Kulturpreis Bayern für Strubel und de Banffy-Hall

Mit Dr. Isabel Theresia Strubel, Mitarbeiterin der Professur für Sozial- und Organisations­psychologie, und Dr. Alicia de Banffy-Hall, Lehrkraft für besondere Aufgaben an der Professur für Musik­pädagogik und Musik­didaktik, haben zwei Nachwuchswissenschaftlerinnen der KU den diesjährigen Kulturpreis Bayern für ihre Dissertationen erhalten. Die Auszeichnung verleiht die Bayernwerk AG gemeinsam mit dem Bayerischen Staatsministerium für Wissenschaft und Kunst seit 2005. Die diesjährigen 33 Preisträger der bayerischen Hochschulen und Universitäten werden von ihrer jeweiligen Hochschule benannt.


Bayerns Wissenschaftsminister Bernd Sibler überreichte Dr. Isabel Theresia Strubel den Kulturpreis Bayern gemeinsam mit dem Bayernwerk-Vorstandsvorsitzenden Reimund Gotzel (v.l.). (Fotos: Bayernwerk AG)

Bayerns Wissenschaftsminister Bernd Sibler überreichte Dr. Isabel Theresia Strubel den Kulturpreis Bayern gemeinsam mit dem Bayernwerk-Vorstandsvorsitzenden Reimund Gotzel (v.l.). (Fotos: Bayernwerk AG)

Für ihre Dissertation erhielt ebenfalls die Musikpädagogin Dr.
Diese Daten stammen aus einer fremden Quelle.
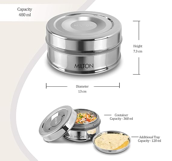 Package Contents: 1 Piece Double Wall Stainless Steel All Steel Insulated Lunch Tiffin Box Containers with inner plate.
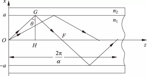 我们在图6的阶跃折射率多模光纤中选取光线OGF进行分析,假定它的空间周期也为2π/α,则有
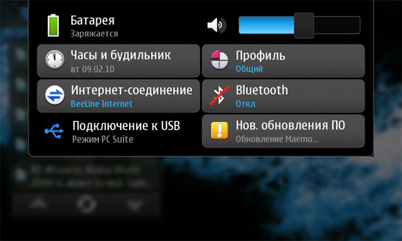 Это рабочий стол Maemo. Точнее, один из рабочих столов - их всего четыре, они закольцованы и меняются жестом по экрану слева направо или справа налево.
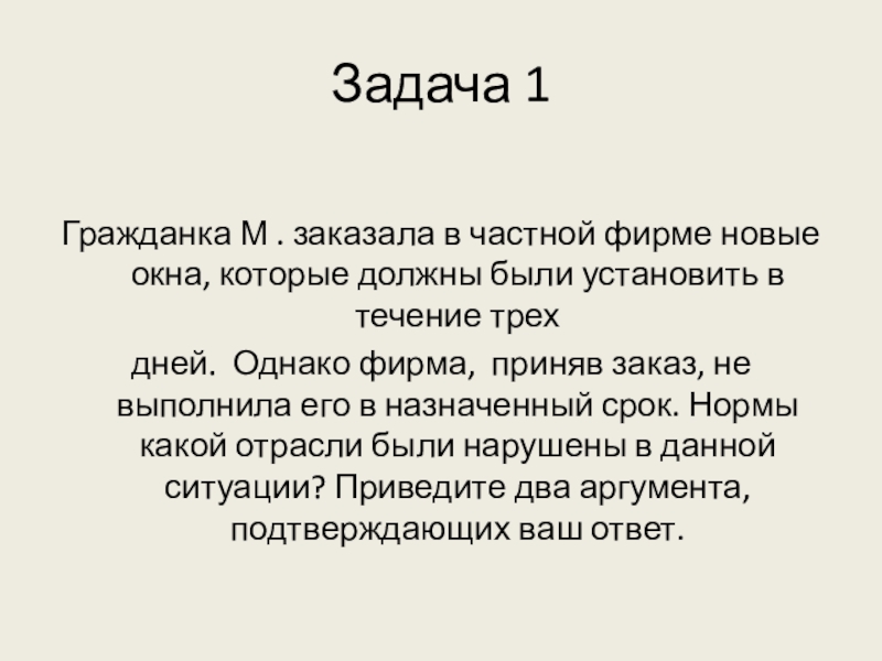 Задача 1Гражданка М . заказала в частной фирме новые окна, которые должны были установить в течение трех
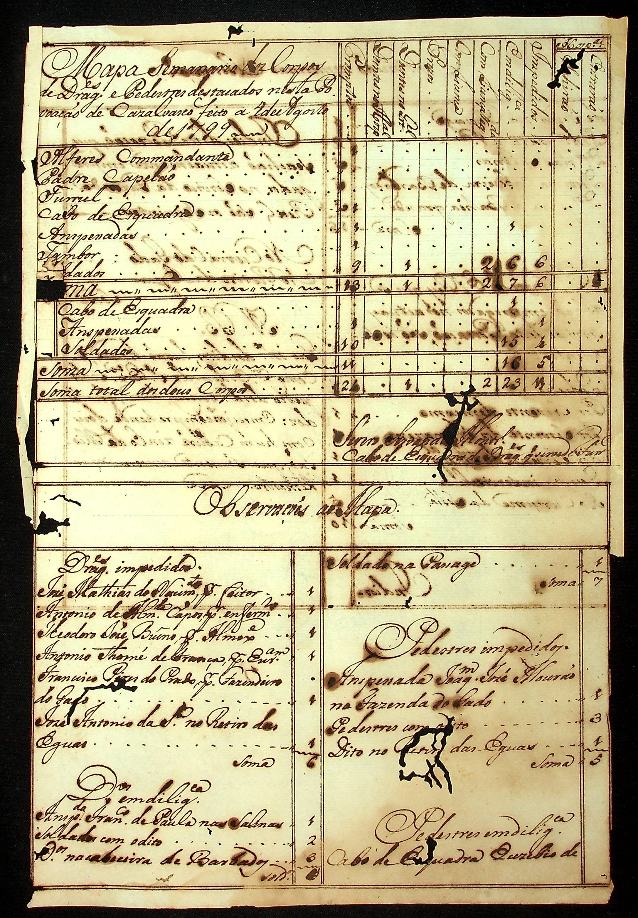 MAPA Semanário dos Corpos de Dragões e Pedestres destacamento nesta Povoação de Casalvasco.
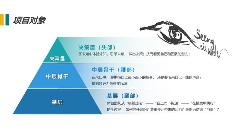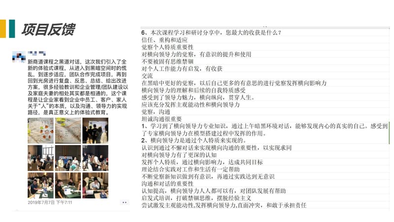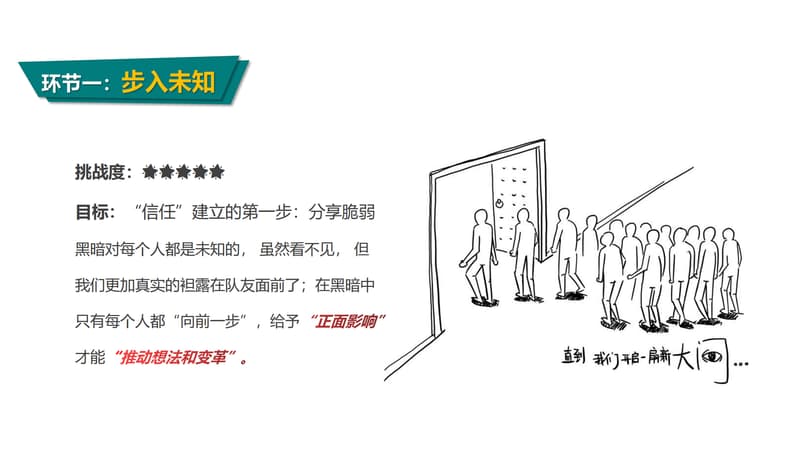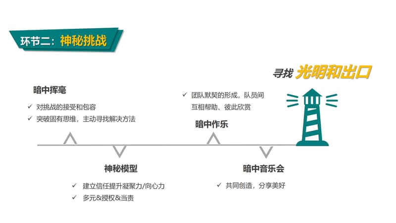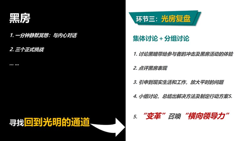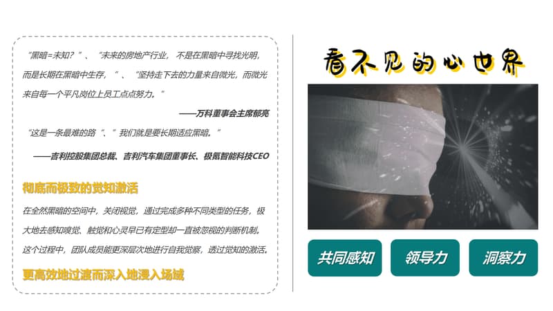 在全然黑暗的空间中,关闭视觉,通过完成多种不同类型的任务,极大地去感知嗅觉、触觉和心灵早已有定型却一直被忽视的判断机制。这个过程中,团队成员能更深层次地进行自我觉察,透过觉知的激活。

Alicia de Banffy-Hall den Kulturpreis Bayern. (Foto: Bayernwerk AG).

Für ihre Dissertation erhielt ebenfalls die Musikpädagogin Dr. Alicia de Banffy-Hall den Kulturpreis Bayern. (Foto: Bayernwerk AG).
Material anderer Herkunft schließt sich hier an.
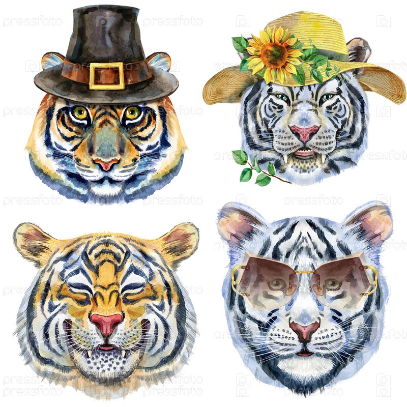 Набор портретов тигра. Акварельная иллюстрация диких животных на белом фоне
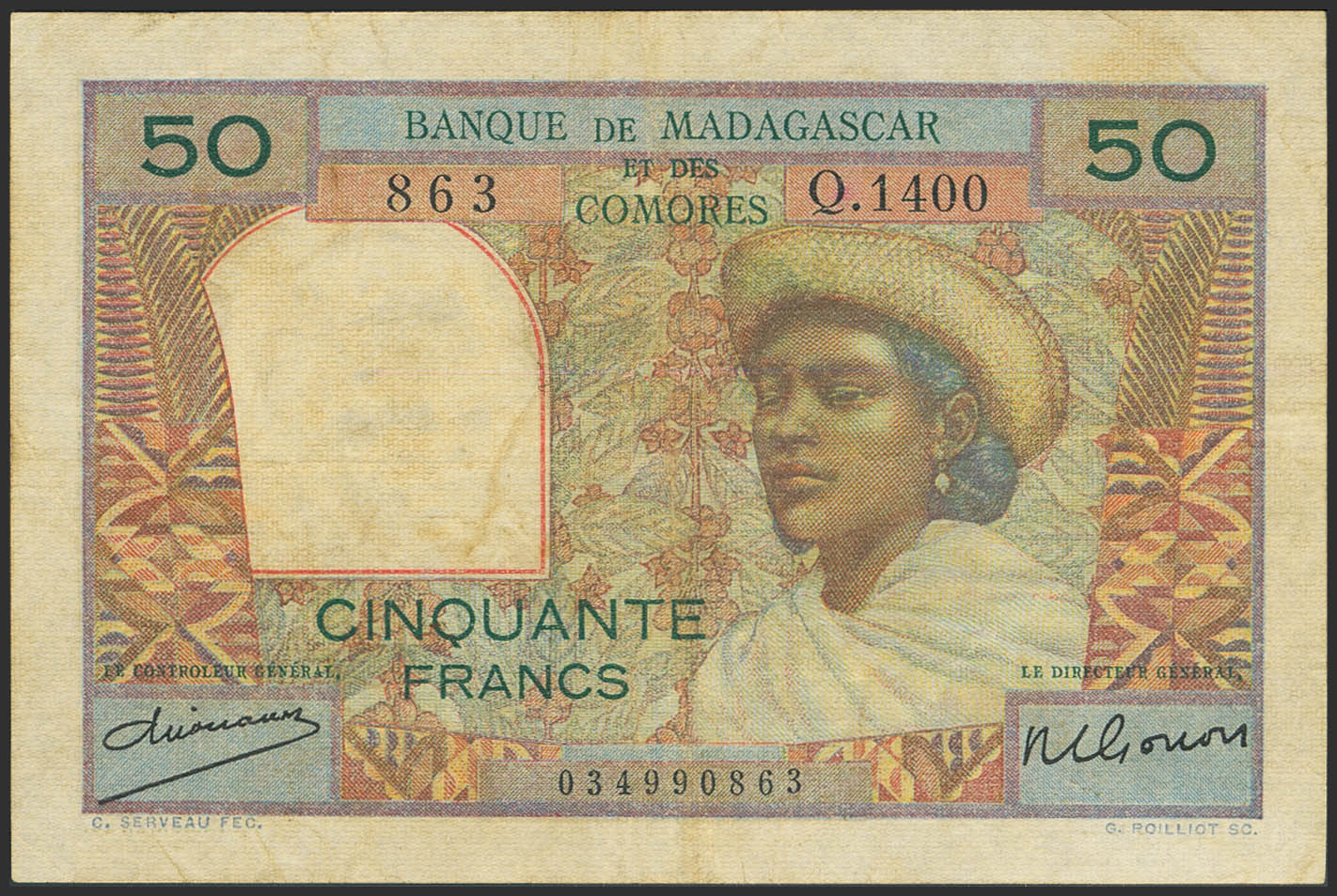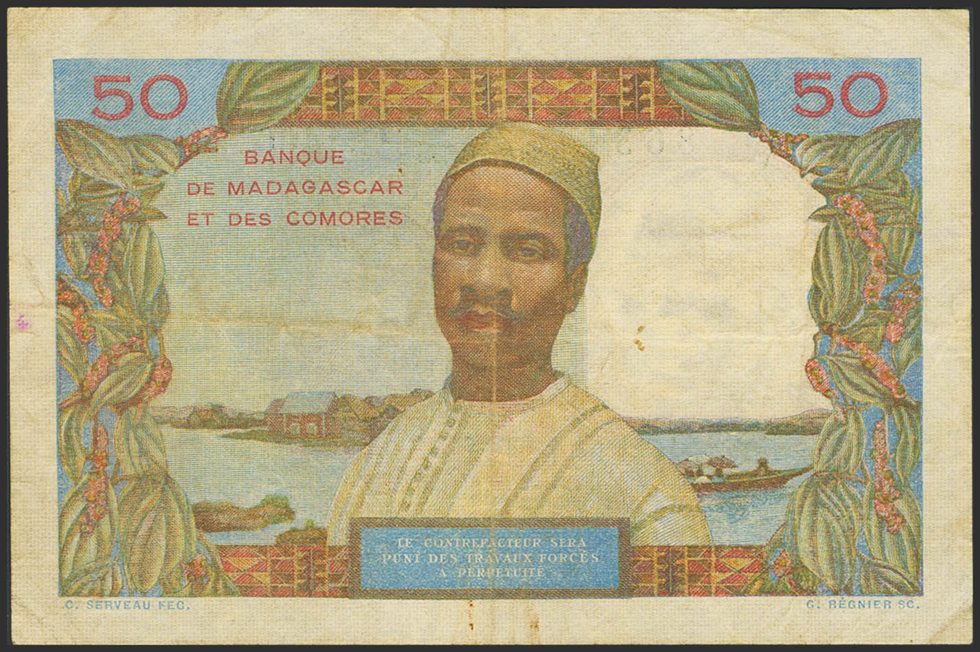 MADAGASCAR. 50 Francs. (1950ca). Banque de Madagascar et des Comores. (Pick: 45a). Very Fine.
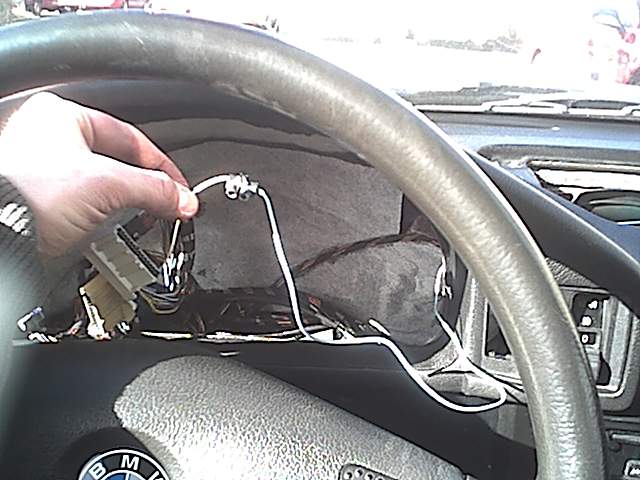 På många E34 så är inte CheckEngine-lampan inkopplad trots att platsen finns i instrumentet. På USA-varianten var de dock inkopplade. Anledningen till att man inte kopplade in dem på Europavarianten var enligt vissa rykten att lampan tändes lite för lätt och kunde också blinka till. De finns ytterligare en trevlig funktion med lampan, genom att trampa gasen i botten 5 gånger precis efter att man slagit på tändningen så börjar lampan blinka ut eventuella felkoder som är satta. På så sätt kan man kolla felminnet själv utan att betala ca 500kr till verkstaden. Jag bestämde mig därför för att koppla in den berömda CheckEngine-lampan. Efter lite sökande på nätet hittade jag denna sajt med elscheman till våra bilar: http://www.autolib.diakom.ru:8000/CAR/BMW/ Där fann jag att pinne 8 i databoxen skulle vara Check Engine och gå till instrumentet på min bil, en M50 -92. På M30 så verkar det vara pinne 15 istället. Då schemat över instrumentet verkar lite svårtydbart på den sajten så hittade jag Pin layouten istället: http://www.e34.de/tips_tricks/bctips/bctips-2.pdf Där kan man se att pinne 3 i den vita 26-poliga kontakten på kombiinstrumentet ska gå till databoxen. Då var det dags att bege sig ut i bilen! Koppla av batteriet! Ut med instrumentet, man behöver inte ta av ratten! Se bild 1 (jag ber om ursäkt för den dåliga bild kvalitén) Den vita kontakten får man plocka sönder. Då pinne 3 på min bil inte var kopplad alls så fick jag ta och slakta en datorkabel för att få något som passade på pinnen. Se bild 2,3,4 Då var det dags för databoxen! Pinne 8 var inkopplad på min bil och det gick en grå kabel från den precis enligt schemat, men det fanns två likadana gråa kablar till! Efter lite undersökning kom jag fram till vilken jag trodde det var och efter att ha mätt så blev det bekräftat! Jag försökte följa vart kablen gick men jag gav upp då jag inte ville riva ner hela bilen, så det fick bli en halvtaskig lösning: En strömtjuv! Se bild 5,6,7 Efter lite kabeldragning så var det dags att koppla ihop mina två tåtar, Värt att notera är att det går +12 från instrumentet till databoxen. Se bild 8 Ok Nu var det bara att sätta tillbaka instrumentet igen och testa! Det fungerade perfekt när man slår på tändningen så tänds lampan och när man startat så släcks den. Blinktestet fungerade perfekt en lista vad det betyder finns här: http://www.bimmer.se Bilen som detta gjordes på var en BMW 525i Touring -92. Och den uppmärksamme såg kanske att instrumentet kommer från en M5. Nästa jobb blir att få oljetempmätaren att fungera. Tänk på att det är lätta att förstöra elektriska komponenter så var försiktig! Jag tar inget som helst ansvar om något går sönder när ni följer beskrivningen utan allt görs på egen risk som det brukar heta. Frågor kan ställas på lars@suk.se så svarar jag i mån av tid. Lycka Till! | Bilderna är klickbara

Die Sozialpsychologin Dr. Isabel Theresia Strubel hat für ihre Dissertation den Einfluss von Gerechtigkeitsempfinden und Verantwortung auf den Kauf nachhaltiger Lebensmittel untersucht. Dabei spezialisierte sie sich auf Fair-Trade- und andere nachhaltige Produkte. Sie hat ein eigenes Untersuchungsmodell entwickelt und mittels einer Forschungsreihe getestet. Diese umfasst eine Interview-Studie, eine querschnittliche Fragebogenstudie, eine Nachbefragung und eine experimentelle Studie. Im Rahmen der Studien wurden mehr als 1500 Personen befragt. Die Sozialpsychologin kommt zu dem Schluss, dass Verantwortungs- und Gerechtigkeitsmotive hochrelevant sind und einen vielversprechenden Hebel bilden, um nachhaltigen Konsum zu fördern. Dabei sind offensichtlich auch Vorbilder hilfreich: Denn das Wissen, dass andere Menschen Verantwortungs- und Gerechtigkeitsmotiven folgen, begünstigt das eigene nachhaltige Handeln.
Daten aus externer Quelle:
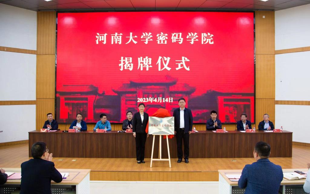 4月14日上午,河南大学密码学院揭牌仪式及“河南省密码管理局—河南大学密码领域合作协议”签约仪式在计算机与信息工程学院(密码学院)201会议室举行。河南大学党委副书记冯淑霞、河南省密码管理局副局长晋拥军、河南省密码管理局商用密码管理处处长卢志杰、河南大学发展规划处副处长何威、计算机与信息工程学院(密码学院)党委书记周志民、数学与统计学院院长韩小森和相关部门领导及部分师生代表出席仪式。仪式由河南大学本科生院党委常务副书记、副院长、教务处处长张向东主持。
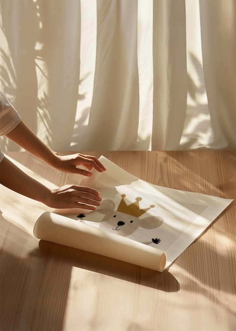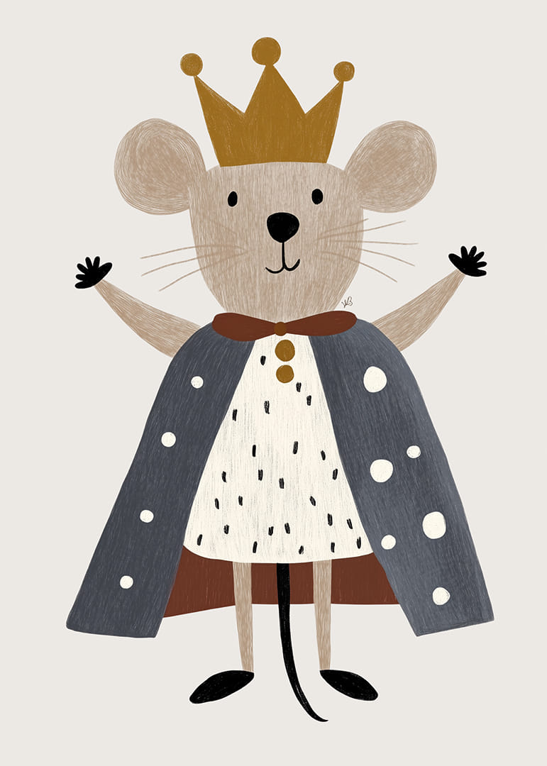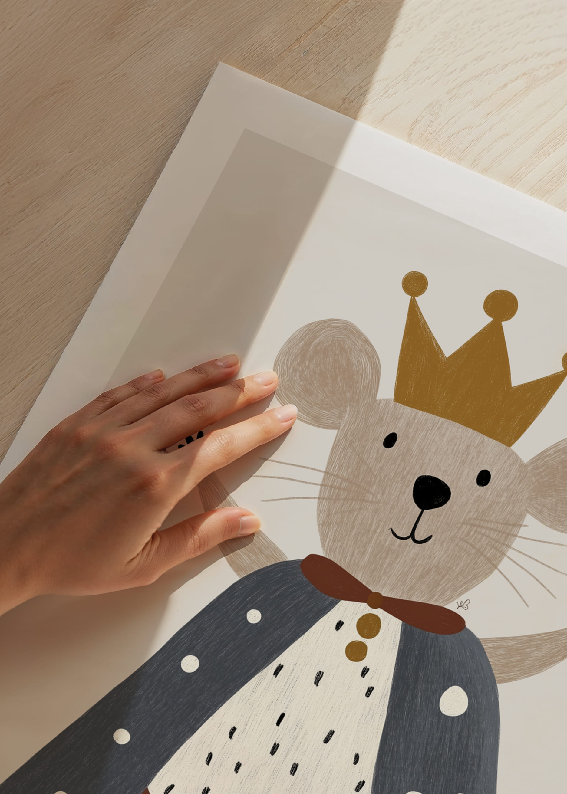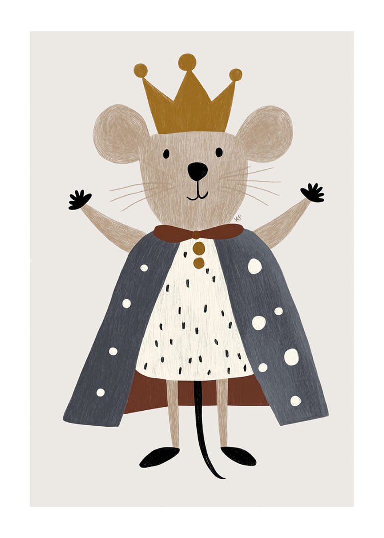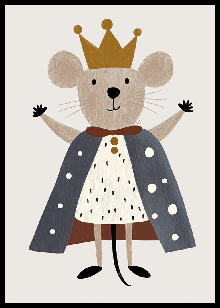 Denna poster framställer en söt mus iklädd krona och kunglig mantel, vilket omedelbart fångar ögat och hjärtat. Med sina små, glada ögon och charmiga uttryck ger detta konstverk ett lekfullt och ändå majestätiskt intryck. Perfekt för barnrummet, förvandlar denna poster varje rum till ett fantasifullt rike där glädje och fantasi får blomstra. En fröjd för både unga och gamla.

Als Musikpädagogin Dr. Alicia de Banffy-Hall hat für ihre Doktorarbeit, die an der Münchner Hochschule für Musik und Theater entstanden ist, die Entwicklung von Community Music in München für den Zeitraum vom 2013 bis 2016 analysiert. Gemeinsam Musik machen, ungeachtet des Alters, der Herkunft, des Talents. Das ist die Idee der „Community Music“. Sie kann Menschen miteinander vernetzen und so gezielt und projektspezifisch zu pädagogischen Zwecken eingesetzt werden. De-Banffy-Hall fokussierte sich auf die Entwicklungen innerhalb der „Münchener Community Music Aktionsforschungsgruppe“. Durch ihre Arbeit an der Dissertation und der Kooperation mit der Gruppe brachte sie die Entwicklung der Community Music in München mit voran. Unter anderem sorgte sie für das erste deutschsprachige Buch über Community Music und etablierte zahlreiche neue Projekte: Community Music ist nun Teil des Education Pro-grammes der Münchener Philharmoniker und wurde als Projekt im Munich Centre for Community Arts aufgenommen. Auch die Hochschule München setzt Community Music inzwischen gezielt ein. „Ich freue mich, dass aus meiner wissenschaftlichen Arbeit so viele Projekte in der Praxis entstanden sind“, sagt die nunmehr promovierte Musikpädagogin, die selbst als Community Musician aktiv ist und am Masterstudiengang Community Music der KU lehrt.